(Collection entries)

--- START ---

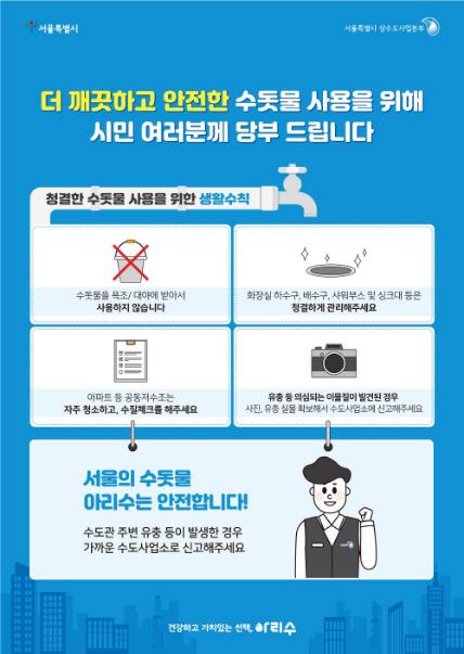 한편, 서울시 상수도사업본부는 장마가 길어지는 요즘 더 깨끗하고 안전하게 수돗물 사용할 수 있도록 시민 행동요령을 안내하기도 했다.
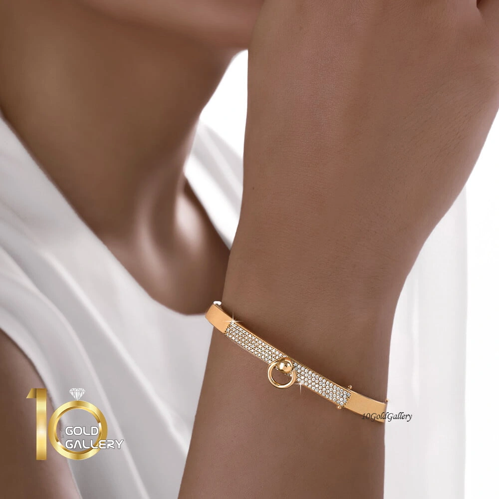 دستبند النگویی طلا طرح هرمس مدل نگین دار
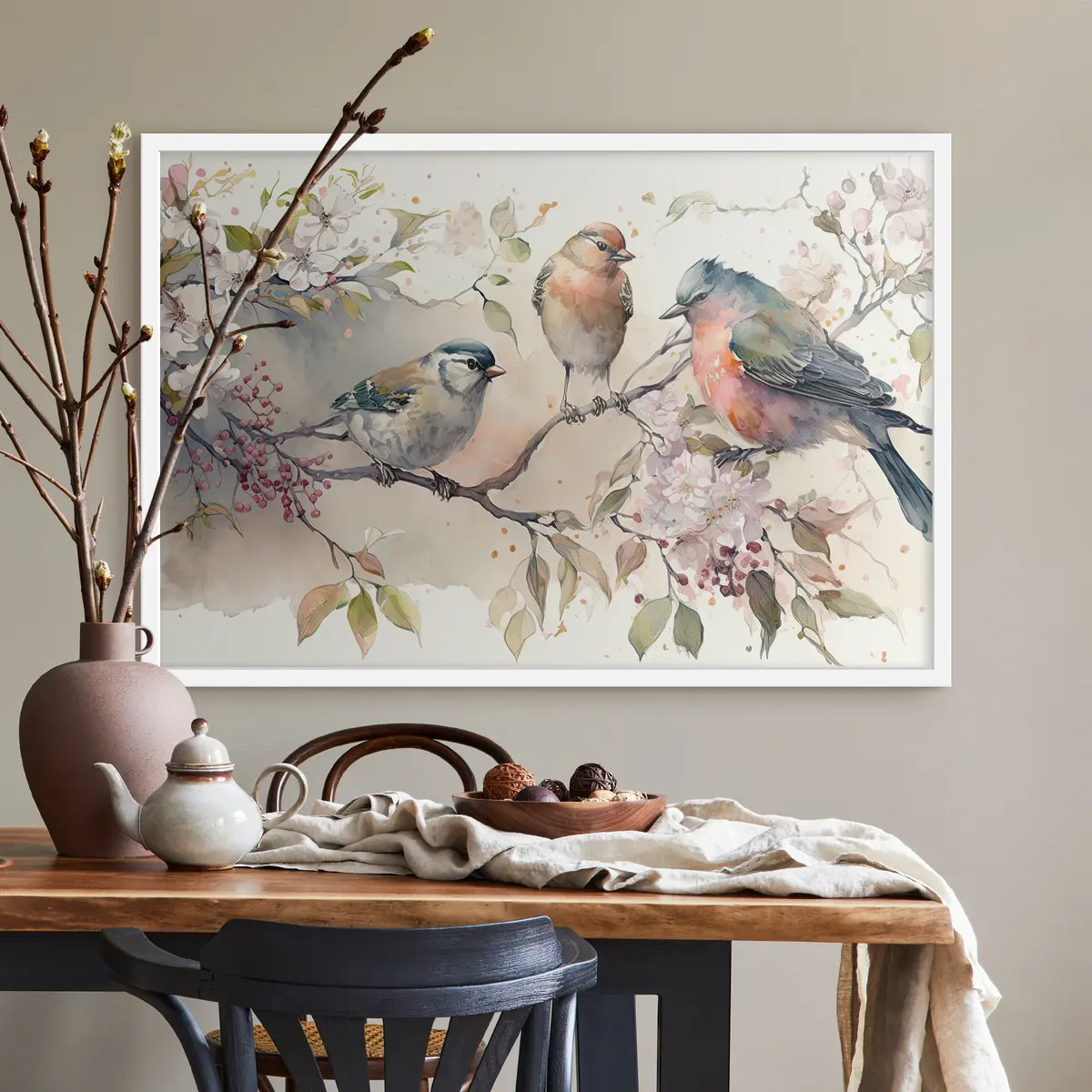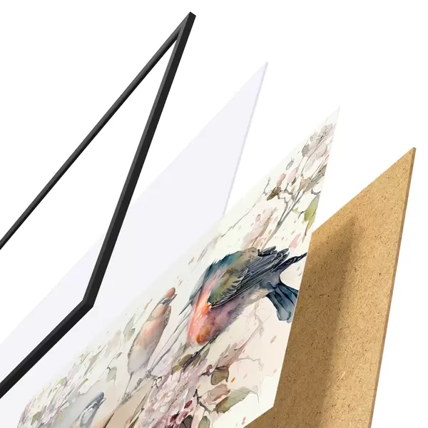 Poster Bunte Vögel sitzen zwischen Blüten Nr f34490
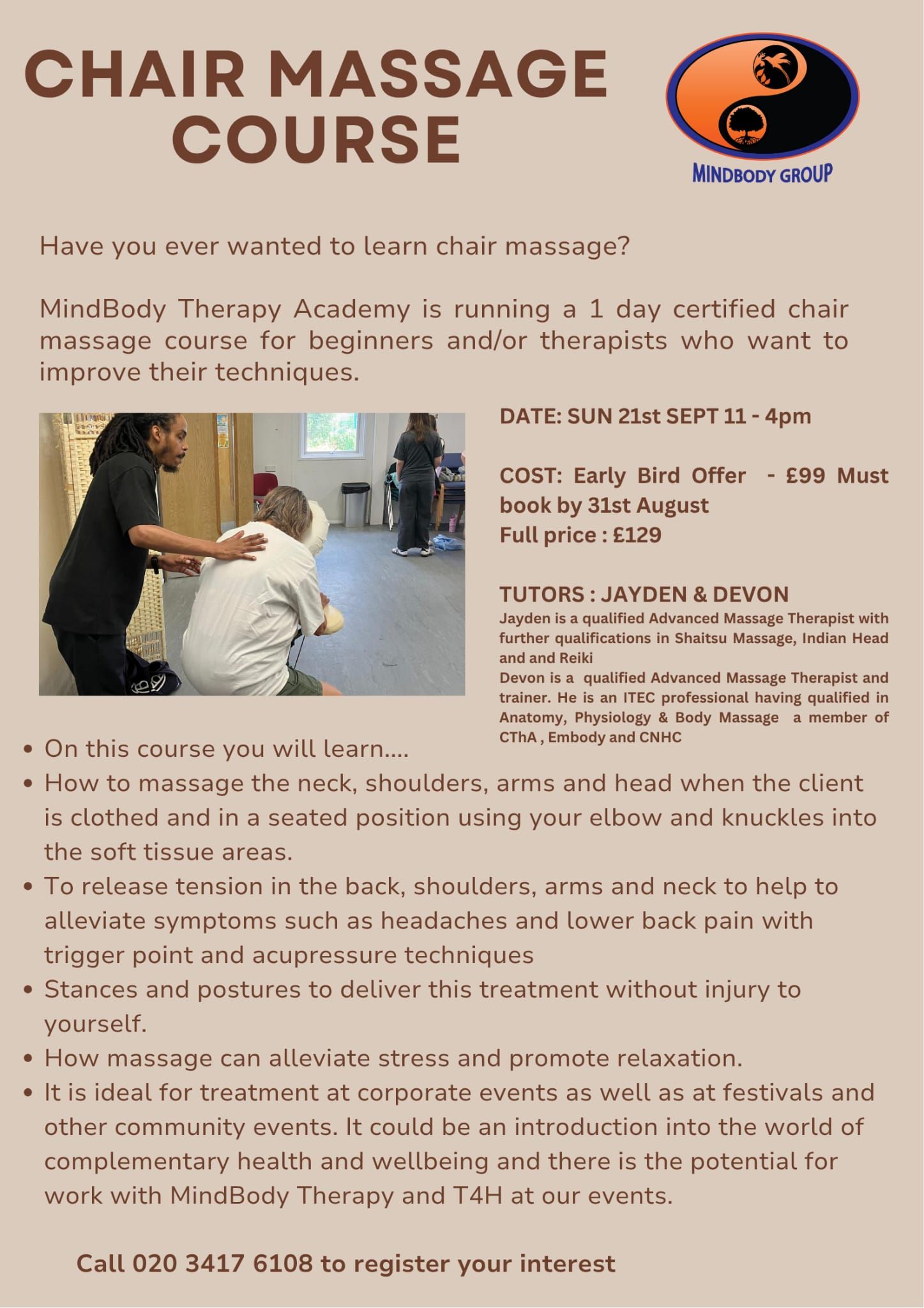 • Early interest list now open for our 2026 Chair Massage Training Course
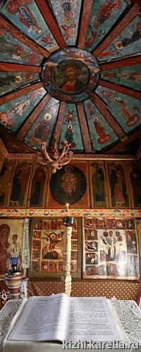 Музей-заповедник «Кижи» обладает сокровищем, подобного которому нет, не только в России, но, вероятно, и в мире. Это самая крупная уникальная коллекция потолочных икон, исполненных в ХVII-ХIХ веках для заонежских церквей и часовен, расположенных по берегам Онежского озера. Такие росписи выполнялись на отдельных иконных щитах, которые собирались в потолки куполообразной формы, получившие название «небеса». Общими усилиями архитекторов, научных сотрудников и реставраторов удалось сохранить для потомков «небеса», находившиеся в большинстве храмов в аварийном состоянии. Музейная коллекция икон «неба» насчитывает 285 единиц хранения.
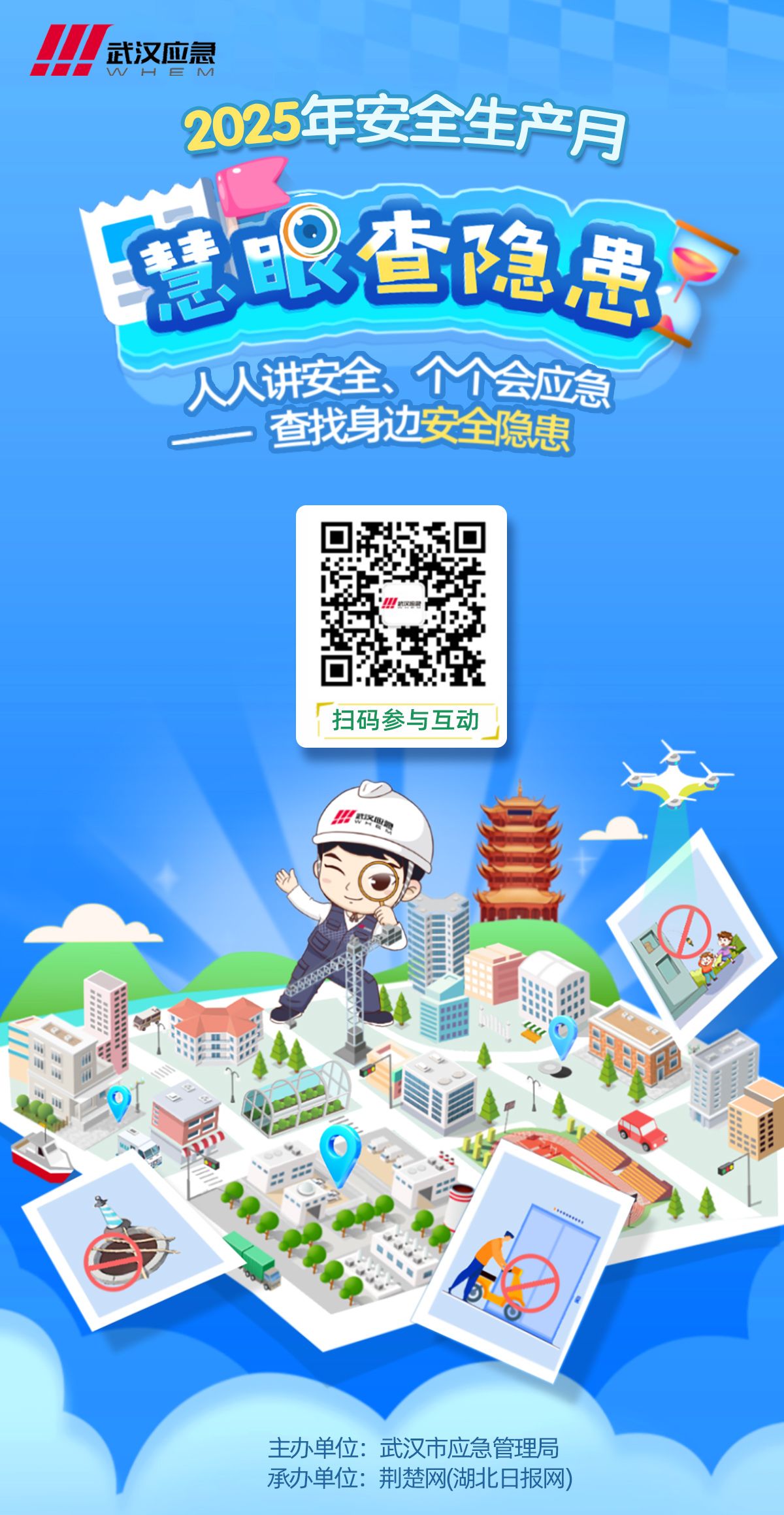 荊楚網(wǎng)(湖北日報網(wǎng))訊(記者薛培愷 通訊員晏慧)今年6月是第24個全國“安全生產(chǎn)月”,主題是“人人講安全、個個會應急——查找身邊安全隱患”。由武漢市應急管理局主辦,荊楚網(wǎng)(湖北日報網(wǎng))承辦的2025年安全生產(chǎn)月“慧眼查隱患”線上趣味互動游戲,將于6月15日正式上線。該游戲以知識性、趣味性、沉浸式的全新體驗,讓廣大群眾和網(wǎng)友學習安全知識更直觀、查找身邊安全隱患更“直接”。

--- END ---

When you give the entries again, keep them exact and omit any picture they contain.

 한편, 서울시 상수도사업본부는 장마가 길어지는 요즘 더 깨끗하고 안전하게 수돗물 사용할 수 있도록 시민 행동요령을 안내하기도 했다.
 دستبند النگویی طلا طرح هرمس مدل نگین دار
 Poster Bunte Vögel sitzen zwischen Blüten Nr f34490
 • Early interest list now open for our 2026 Chair Massage Training Course
 Музей-заповедник «Кижи» обладает сокровищем, подобного которому нет, не только в России, но, вероятно, и в мире. Это самая крупная уникальная коллекция потолочных икон, исполненных в ХVII-ХIХ веках для заонежских церквей и часовен, расположенных по берегам Онежского озера. Такие росписи выполнялись на отдельных иконных щитах, которые собирались в потолки куполообразной формы, получившие название «небеса». Общими усилиями архитекторов, научных сотрудников и реставраторов удалось сохранить для потомков «небеса», находившиеся в большинстве храмов в аварийном состоянии. Музейная коллекция икон «неба» насчитывает 285 единиц хранения.
 荊楚網(wǎng)(湖北日報網(wǎng))訊(記者薛培愷 通訊員晏慧)今年6月是第24個全國“安全生產(chǎn)月”,主題是“人人講安全、個個會應急——查找身邊安全隱患”。由武漢市應急管理局主辦,荊楚網(wǎng)(湖北日報網(wǎng))承辦的2025年安全生產(chǎn)月“慧眼查隱患”線上趣味互動游戲,將于6月15日正式上線。該游戲以知識性、趣味性、沉浸式的全新體驗,讓廣大群眾和網(wǎng)友學習安全知識更直觀、查找身邊安全隱患更“直接”。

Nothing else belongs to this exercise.